I'm quite new at measure theory and all I know I read by myself, so bear with me if this question is too trivial.

Given the definition of asymptotic, can we say that for $x \rightarrow \infty$ two almost everywhere equal functions are asymptotic? I really think that this is not the case, but I haven't been able to find a counterexample. Maybe, if in general this does not hold, would it be right for real functions?

1 Answers 1

5

The short answer is no; I assume that you are working with the real numbers and the usual measure with the usual definition of asymptotic. The counterexample goes like this: any countable set has measure 0, and so choose some sequence xi such that xi goes to infinity (say, the positive integers). Then take any function f and define a new function g by g(x)=f(x) if x is not one of the xi and g(xi)=2f(xi).

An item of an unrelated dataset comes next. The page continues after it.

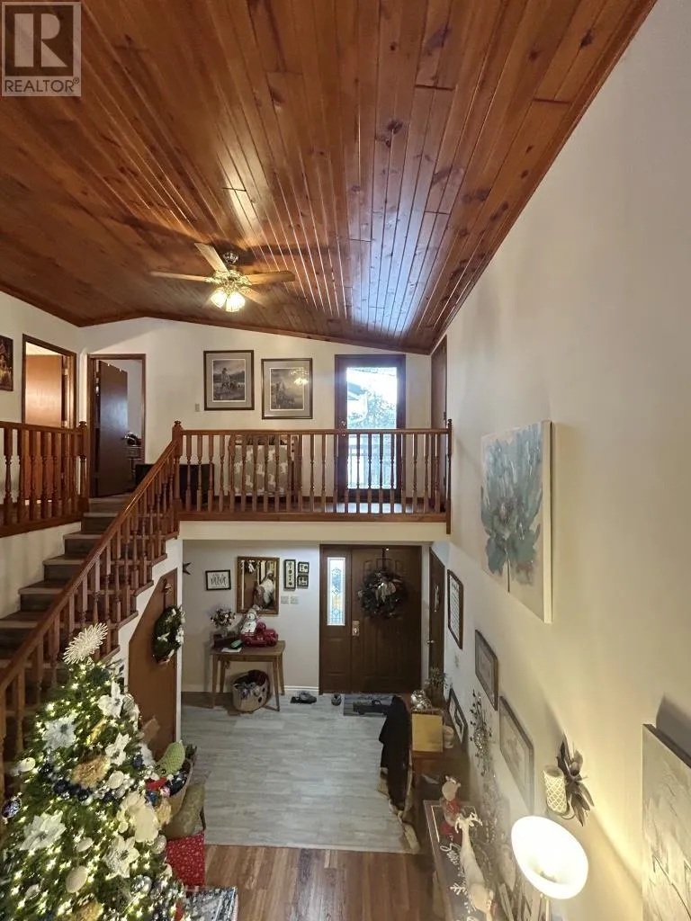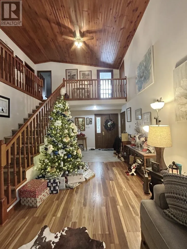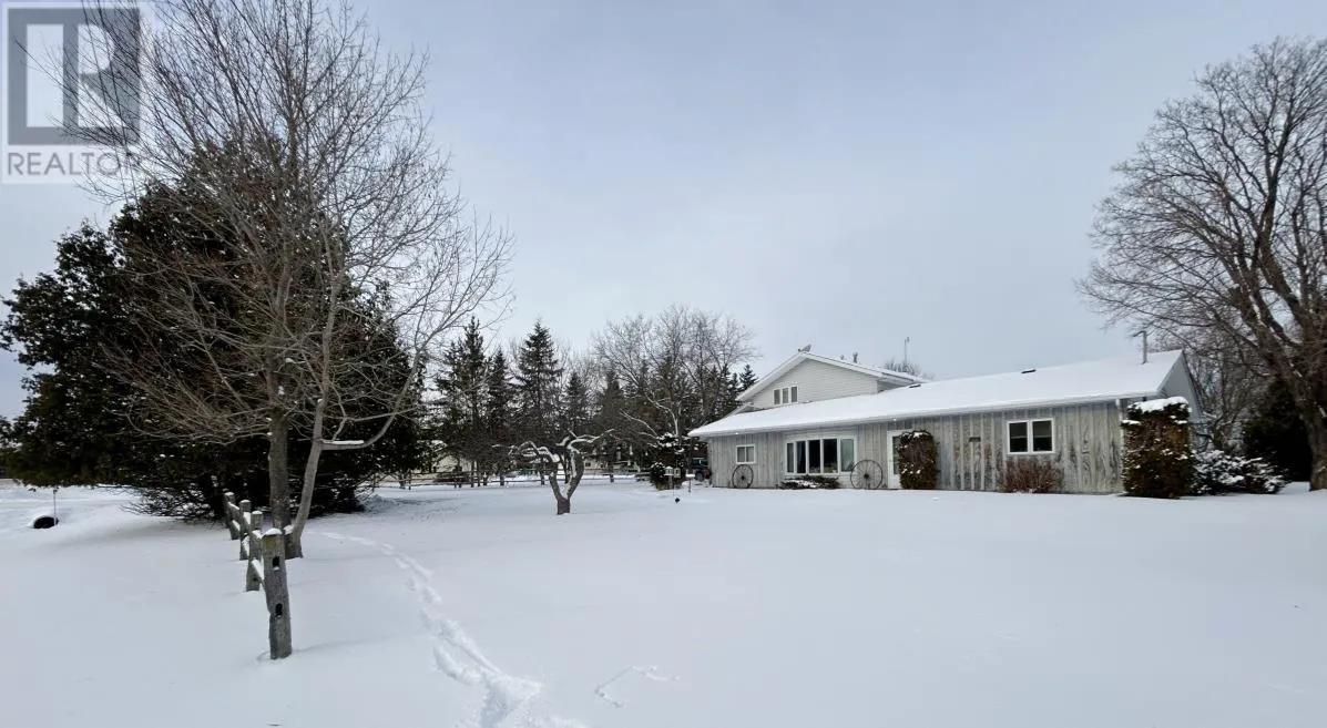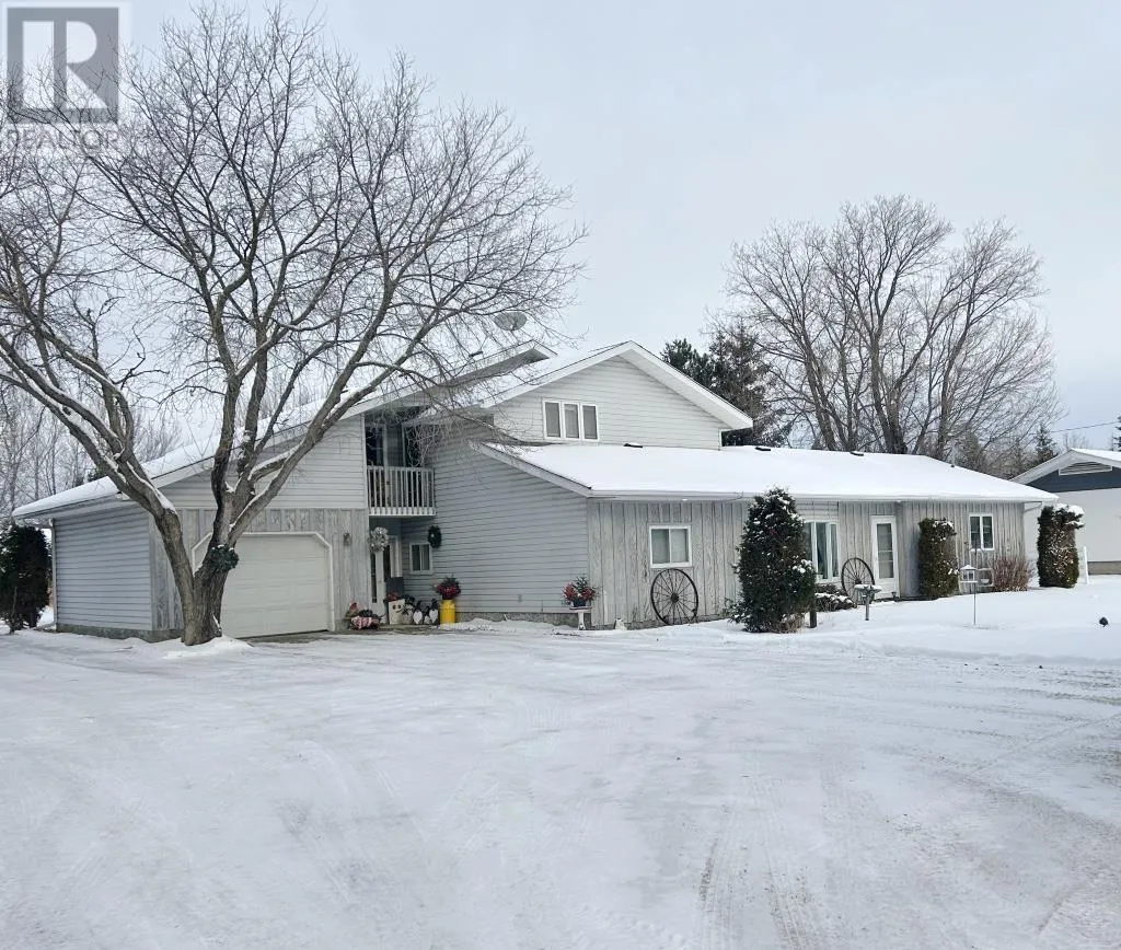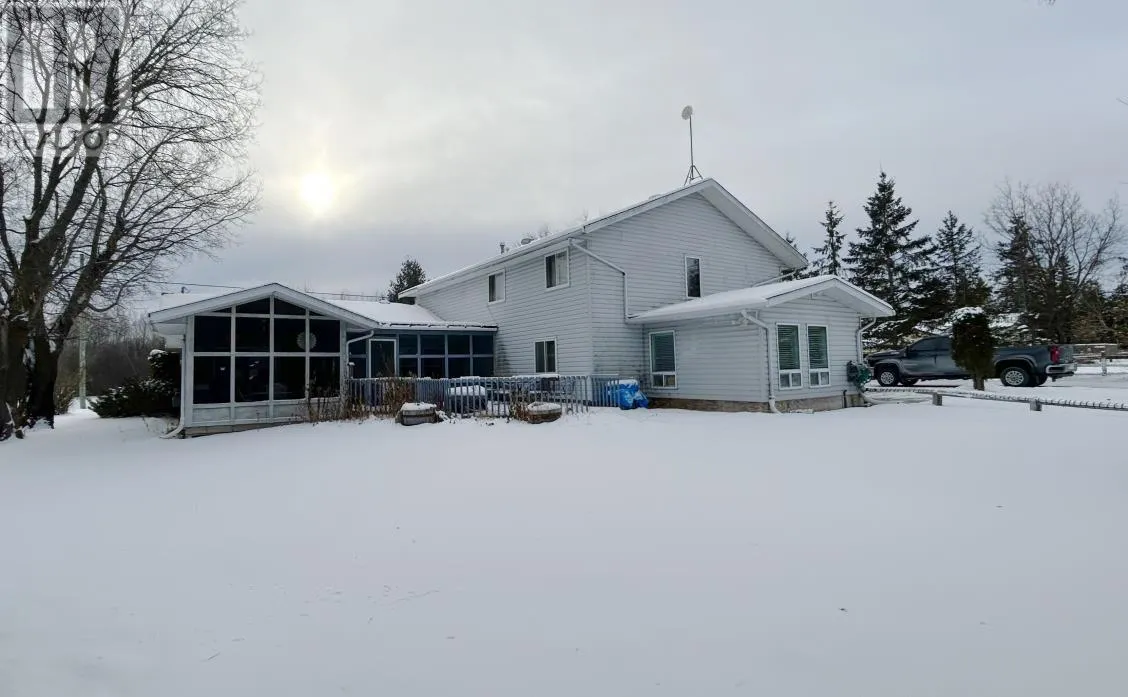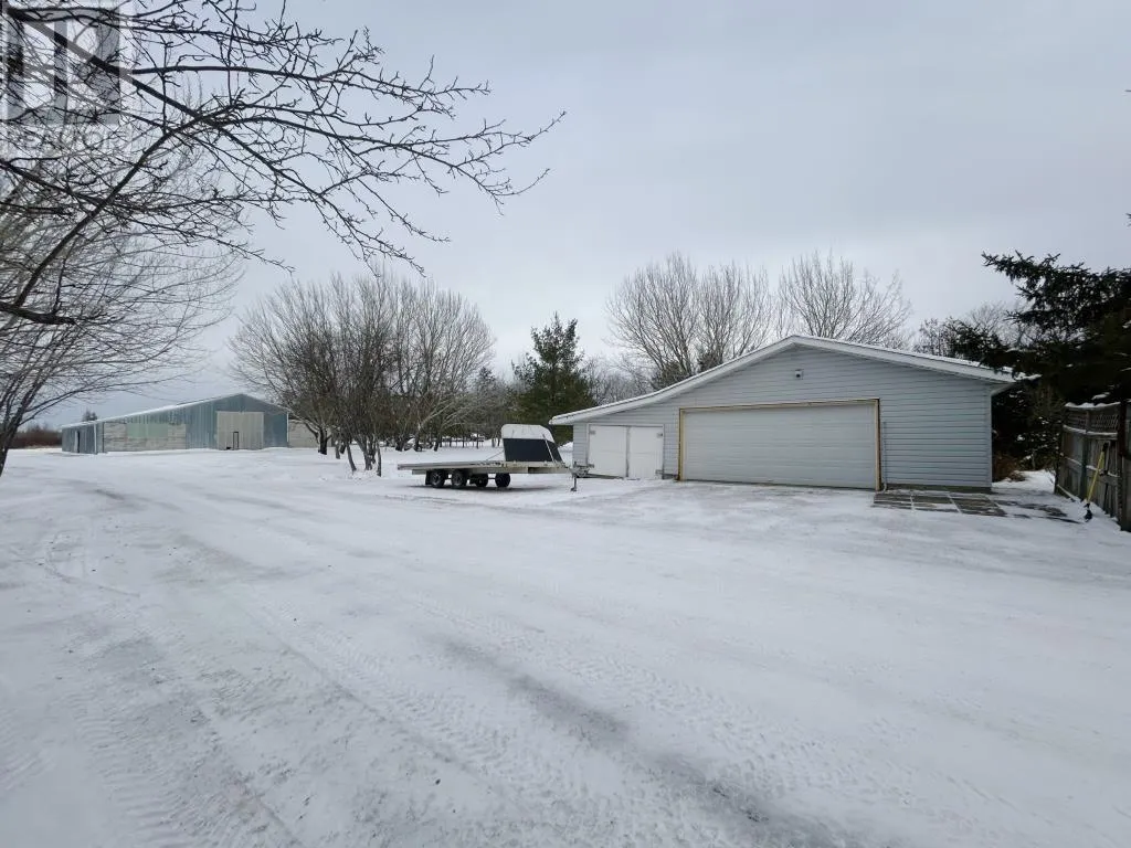 West of Walmart on Hwy 11/71 North side of Highway All the joys of country living just minutes from Town!! 4 bedroom, 3 bath home situate on 1.82 acres with plenty of workshop space and Storage options! Main Floor: country kitchen with island/dining area and patio doors to screened in sitting room/rear deck space, formal dining area, main floor family room, living room with gas fireplace and spacious entry with access to the attached garage, 2 bedrooms, main floor laundry room, sauna, 3 pce bathroom, and rear entrance with access to the partial basement. Second Level Features: Primary bedroom with walk in closet, 3 pce ensuite & access to private upper balcony, 2nd bedroom, 4 pce bathroom, and sitting room. 80ft x 100 ft metal storage building with attic storage plus double detached garage/workshop fully insulated & wired. Upgrades: Shingles front of the house/attached garage - 2014 (rear portion of the house 2025); New flooring throughout (laminate & vinyl), Main floor bathroom, Central Air 2021, Gas Furnace - 2024, Sump Pump & Back up system (2024), Salt Water/Water filtration systems updated 2023! Don't delay, book your private viewing of this amazing family home today! (id:27476)

The two functions are equal almost everywhere since they differ only on the sequence xi, which as a sequence is countable and thus have measure 0.

Then f(x)/g(x) equals 1 when x is not one of the xi and equals 2 on the xi, which means that the value as you go to infinity doesn't converge, i.e. it always oscillates between 1 and 2 as you go farther and farther out.

Even more awesomely, you can do the same trick not with the sequence xi, but say, with the rational numbers, which are also countable and also have a measure of 0. Then the function given by h(x)=f(x)/g(x) is going to be continuous nowhere in the extended real line (i.e. no limit of h(x) as x goes to any number, or to positive or negative infinity will exist).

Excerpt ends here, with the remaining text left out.